In presidential elections, a landslide election is generally agreed to be one in which the winning candidate secures at least 375 or 70 percent of the 538 electoral votes in the Electoral College.

Because of the way electoral votes are distributed by states, however, a landslide presidential election may not always result in a similarly wide margin in popular vote.

See also: How Electoral Votes Are Distributed

That's because many U.S. states award electoral votes on a winner-take-all basis to the candidate who wins the popular vote in their state.

So it's not unusual for a presidential candidate to win the popular vote in a state by only single digits and still carry all of its electoral votes.
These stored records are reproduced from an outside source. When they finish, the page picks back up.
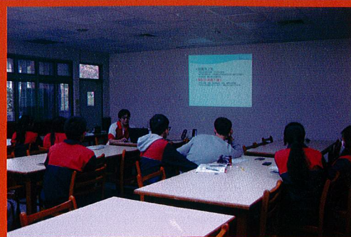
大學申請入學書審及面試指導說明會
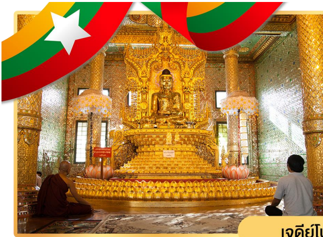
เจดีย์โบตาทาว์
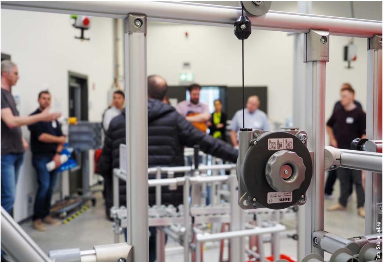
Karakuri-Lösungen zum Anfassen wurden auf dem ersten Karakuri-Praktikertag im Mai 2022 in der Lehrfabrik des CETPM präsentiert.

The bottom line is that a wide margin in Electoral College results does not automatically translate to a popular vote landslide.

Using the standard definition of a landslide victory in presidential politics, when one candidate wins at least 375 electoral votes, here's list of races that were among the most lopsided in American history.

List of Landslide Presidential Elections

Under that standard definition, the following presidential elections would qualify as Electoral College landslides:

  • 1996: Democrat Bill Clinton won 379 electoral votes against Republican Bob Dole, who received only 159 electoral votes.
  • 1988: Republican George H.W. Bush won 426 electoral votes against Michael S. Dukakis, who received only 111.

  • 1984: Republican Ronald Reagan won 525 electoral votes against Democrat Walter Mondale, who got only 13 electoral votes.

  • 1980: Reagan won 489 electoral votes against Democrat Jimmy Carter, who got only 49 electoral votes.

  • 1972: Republican Richard Nixon won 520 electoral votes against Democrat George S. McGovern, who got only 17 electoral votes.

  • 1956: Republican Dwight D. Eisenhower got 457 electoral votes against Democrat Adlai Stevenson, who got only 73 electoral votes.

  • 1952: Eisenhower got 442 electoral votes against Stevenson, who got only 89 electoral votes.

  • 1944: Democrat Franklin D. Roosevelt got 432 electoral votes against Republican Thomas E. Dewey, who got only 99 electoral votes.

  • 1940: Roosevelt got 449 electoral votes against Republican Wendell L. Wilkie, who got only 82 electoral votes.

  • 1936: Roosevelt got 523 electoral votes against Republican Alfred M. Landon, who got only 8 electoral votes.

  • 1932: Roosevelt got 472 electoral votes against Republican Herbert C. Hoover, who got only 59 electoral votes.

  • 1928: Republican Herbert C. Hoover got 444 electoral votes against Democrat Alfred E. Smith, who got only 87 electoral votes.

  • 1924: Republican Calvin Coolidge got 382 electoral votes against Democrat John W. Davis, who got only 136 electoral votes.

  • 1920: Republican Warren G. Harding got 404 electoral votes against Democrat James M. Cox, who got only 127 electoral votes.